I almost didn't open it because it looked like you were asking a question, not giving an answer, and there were 0 (now 2) comments. Title change?

Good point!

original: Applied Bayesian Statistics - Which book to read?

  1. Applied Bayesian Statistics - Which book should you read?
  2. Literature Review of 5 Applied Bayesian Statistics Books.
  3. Book Review of 5 Applied Bayesian Statistics Books.

I picked 3, if other people have strong feeling feel free to suggest other titles

I'm reading BDA3 right now, and I'm on chapter 6. You described it well. It takes a lot of thinking to get through, but is very comprehensive. I like how it's explicitly not just a theory textbook. They demonstrate each major point by describing a real-world problem (measuring cancer rates across populations, comparing test-prep effectiveness), and attacking it with multiple models (usually frequentist to show limitations and then their Bayesian model more thoroughly. It has a focus on learning the tools well enough to apply them to real-world problems.

I plan to start skimming soon. It seems the first two sections are pedagogical, and the remainder covers techniques which I would like to know about but don't need in detail.

Edit: One example I really enjoyed, and which felt very relevant to today, was on estimating lung-cancer hotspots in America. It broke the country down by county, and first displayed a map of the USA with counties in the top 10% of lung-cancer rates. Much of the highlighted region was in the rural southwest and Rocky mountain region. It asked, what do you think makes these regions have such high rates? It then showed another map, this one of counties in the bottom 10% of lung-cancer rates, and the map focused on the same regions!

Turns out, this was mostly the result of these regions containing many low-population counties, which meant rare-event sampling could skew high very easily, just by chance. If the base rate is 5 per 10,000, and you have 2 cases in a county with 1,000 people, you look like a superfund site.
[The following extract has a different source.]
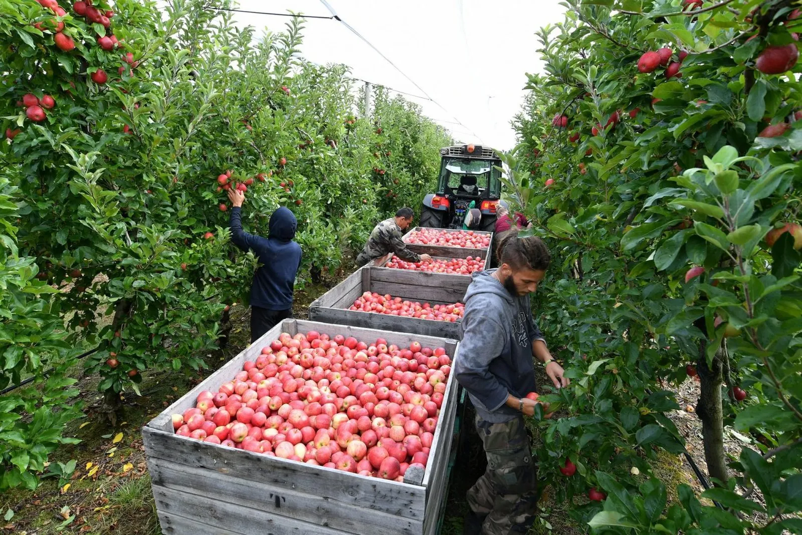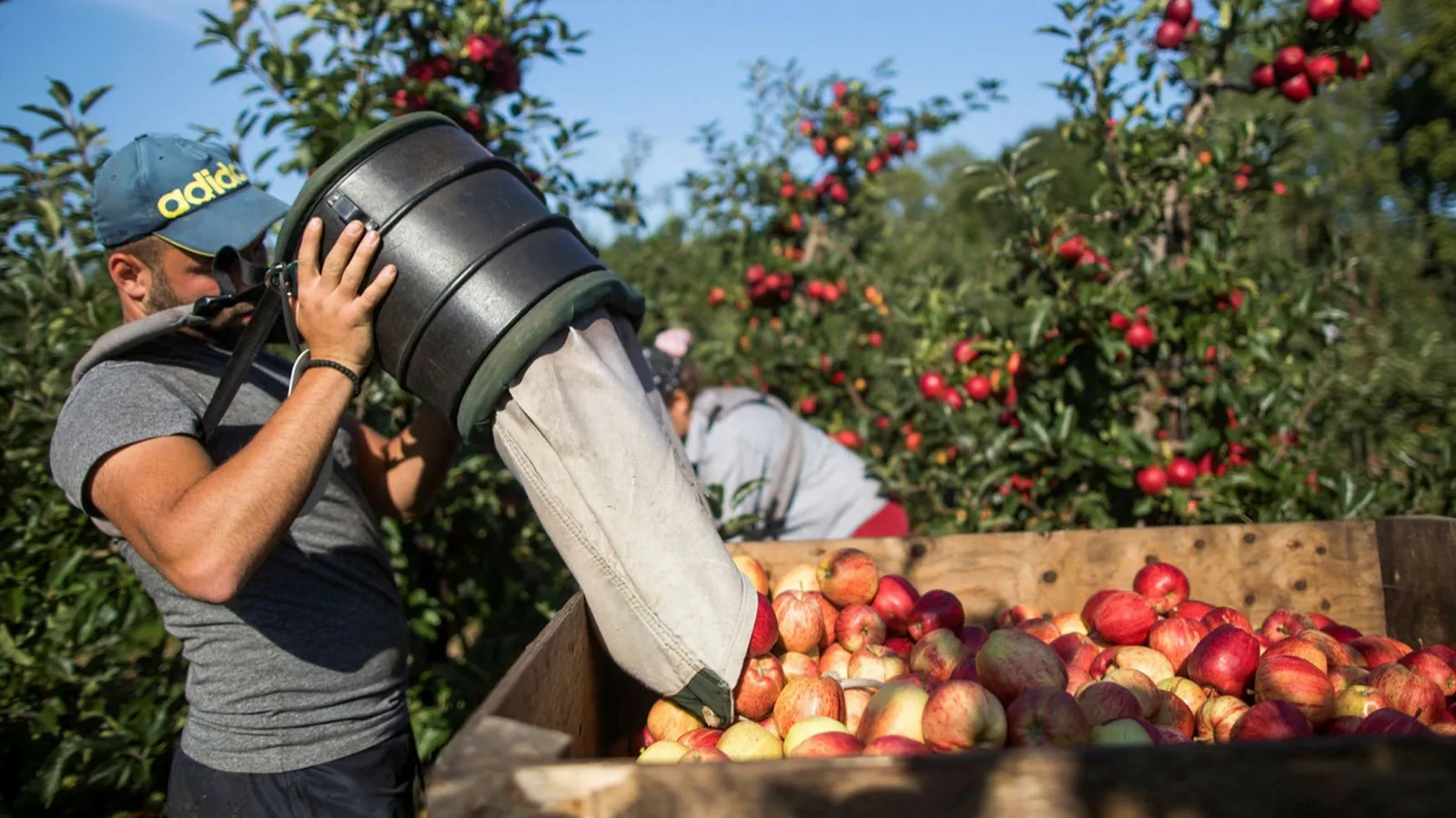 فرز التفاح في البستان
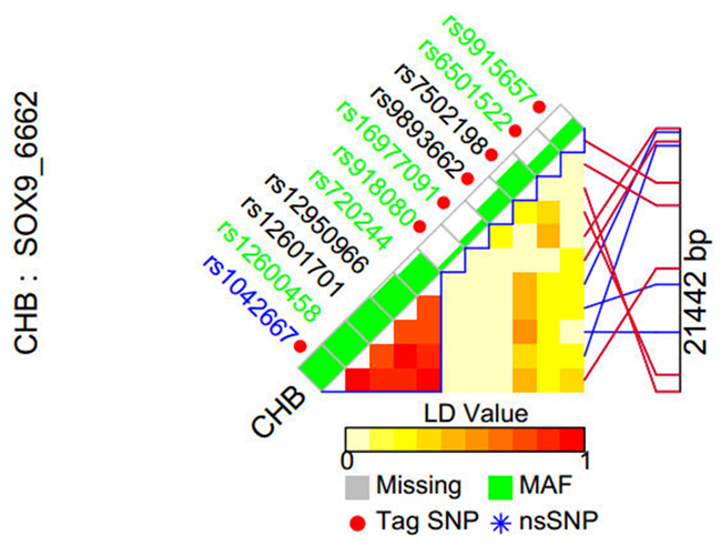 Figure 1: tag SNP selection of the SOX9 gene.

But sample the next year and you might find 0 cases: a county full of young health-freaks.

If you model lung-cancer rates as a hierarchical model with a distribution for county cancer-rates, and each county as being sampled from this, and then sampling cancer events from it's specific rate, then you can get a Bayes-adjusted incidence rate for each county which will regress small counties to the mean.

This made me read Covid charts which showed hot-spot counties much differently. I noticed that the counties they list are frequently small. Right now, all the counties on the NYTimes list, for example have less than 20,000 people in them, which is, I believe, in the bottom 25% of counties by size roughly.

I loved that example as well, I have heard it elsewhere described as "The law of small numbers", where small subsets have higher variance and therefore more frequent extreme outcomes. I think it's particularly good as the most important part of the Bayesian paragdime is the focus on uncertainty.

The appendix on HMC is also a very good supplement to gain a deeper understanding of the algorithm after having read the description in another book first.